Repeat exactly the lines below, from the line containing "Découvrez dès maintenant" through the last line, both included. Leave out any pictures.

:: RECORD EXCERPTS

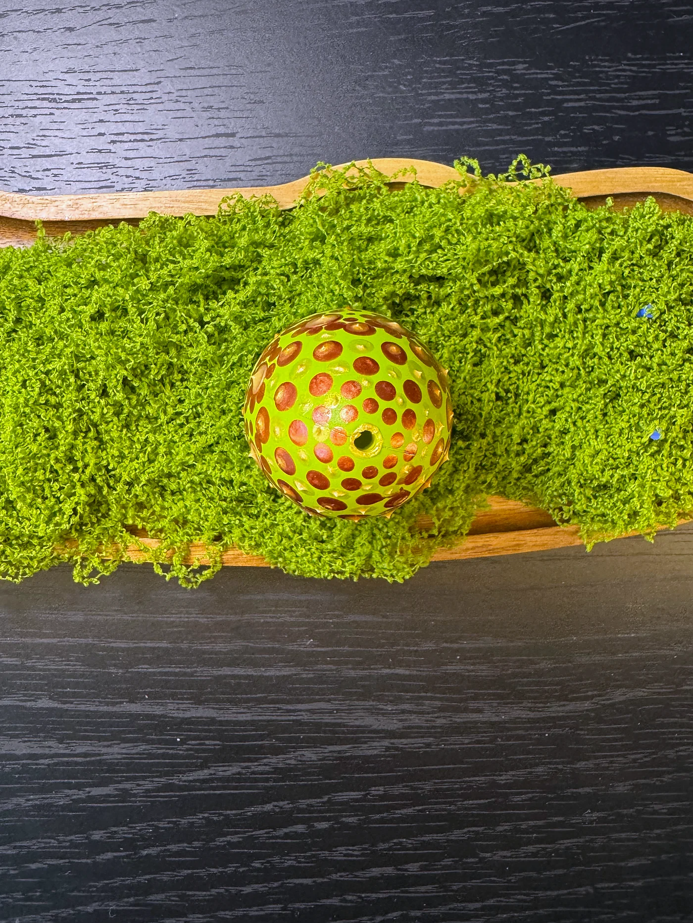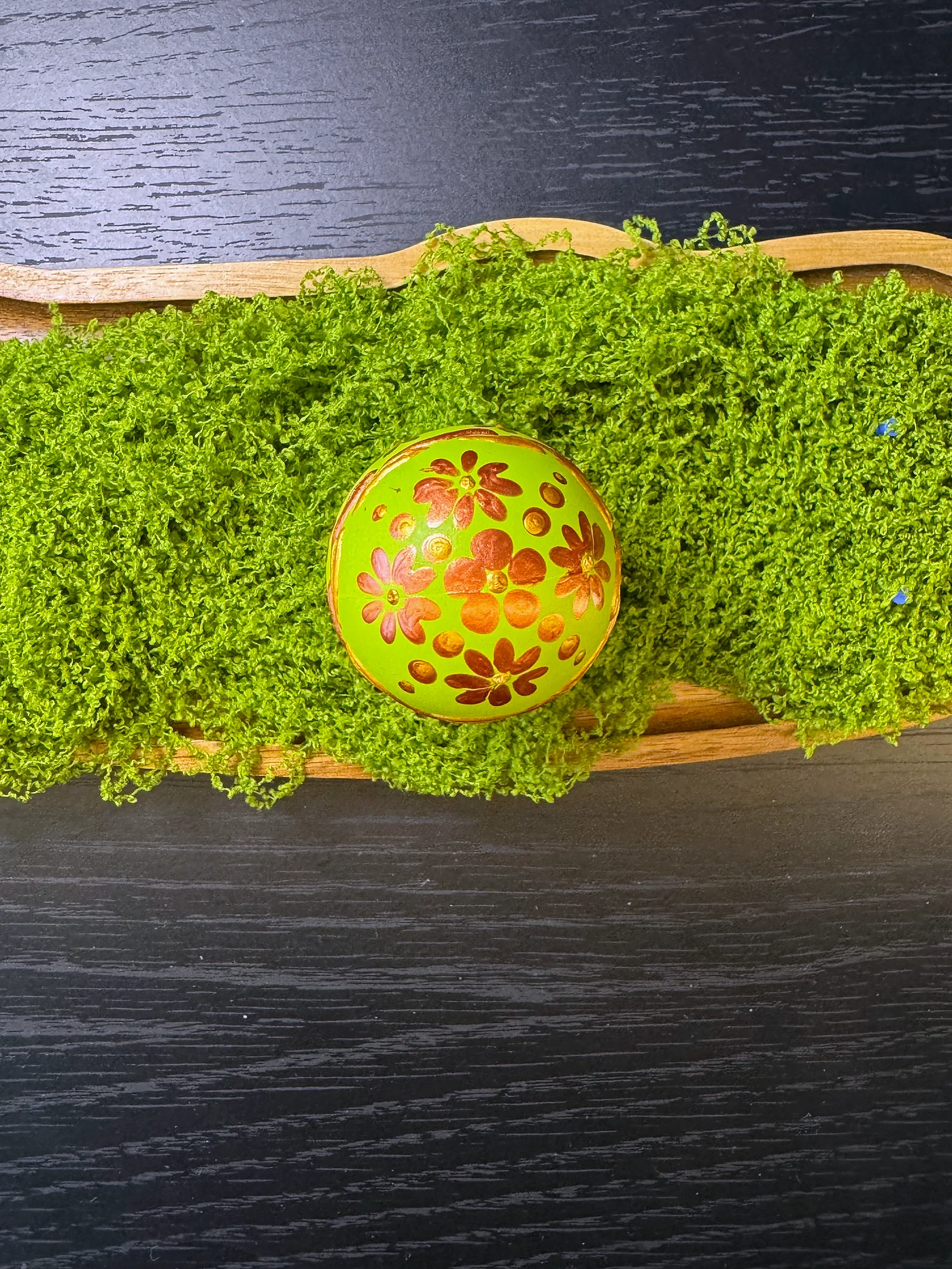 Jarko žutozeleno jaje ukrašeno raširenim smeđim i bakrenim cvjetnim lozama i grozdovima lišća. Ručno oslikani cvjetovi imaju zaobljene latice u zemljanoj terakoti.
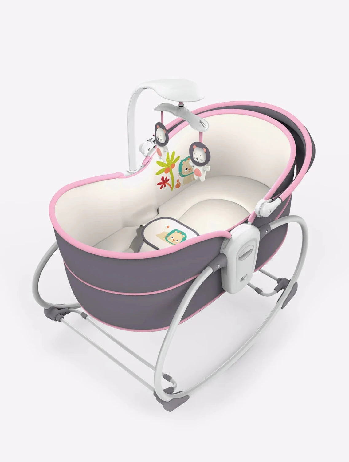 The answer to every parents needs is 5 in 1 Rocker Bassinet makes it easy and simple to switch from play to sleep with one quick step. Baby's development during play and nap is never ending. It is an easy & simple switch from play to sleep for your little angel. Its Super Soft Plush Seat, Engaging Lights, Music Toys, and Gentle Rocking Motion features makes it the east product for the baby. This product has been designed to provide extreme comfort to your child as it easily converts to a cozy flat Napper with raised borders. Its five Reclining Positions and calming Vibrations allows your baby to play independently and safely. Rocker Napper features gentle rocking movements that can help soothe baby and develop body sensation and control. Your baby will enjoy the hanging overhead toys with the music & lights feature. It's light enough for you to easily move from one place to another.
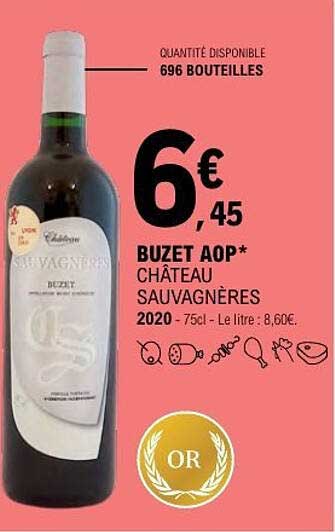 Découvrez dès maintenant la offre Buzet AOP* Château Sauvgnères 2020 dans le catalogue de E.Leclerc. Cette offre est valable du 21/10/2025 au 02/11/2025.
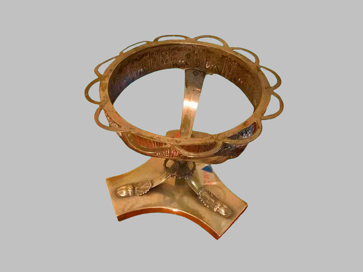 Original base de plata para cuenco, decorada con tres cabezas humanas y sostenida por tres patas, típica del diseño artístico del siglo XVIII. Con una altura de 11,5 cm, es una pieza única.
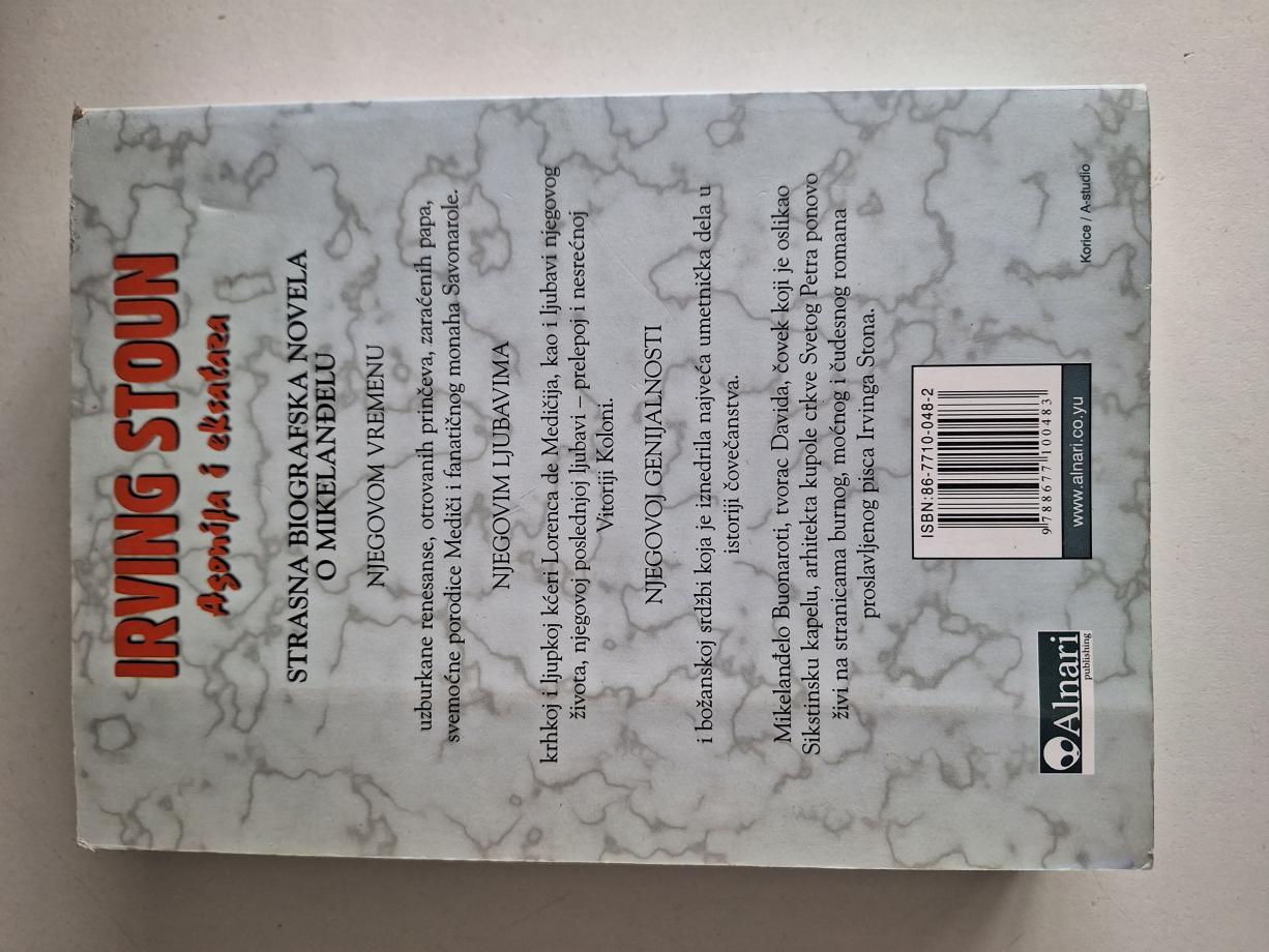 Mikelanđelo Buonaroti, tvorac Davida, čovek koji je oslikao Sikstinsku kapelu, arhitekta kupole crkve Svetog Petra ponovo živi na stranicama burnog, moćnog i čudesnog romana proslavljenog pisca Irvinga Stona.

::::

__ANSWER TO THIS TASK__
 Découvrez dès maintenant la offre Buzet AOP* Château Sauvgnères 2020 dans le catalogue de E.Leclerc. Cette offre est valable du 21/10/2025 au 02/11/2025.
 Original base de plata para cuenco, decorada con tres cabezas humanas y sostenida por tres patas, típica del diseño artístico del siglo XVIII. Con una altura de 11,5 cm, es una pieza única.
 Mikelanđelo Buonaroti, tvorac Davida, čovek koji je oslikao Sikstinsku kapelu, arhitekta kupole crkve Svetog Petra ponovo živi na stranicama burnog, moćnog i čudesnog romana proslavljenog pisca Irvinga Stona.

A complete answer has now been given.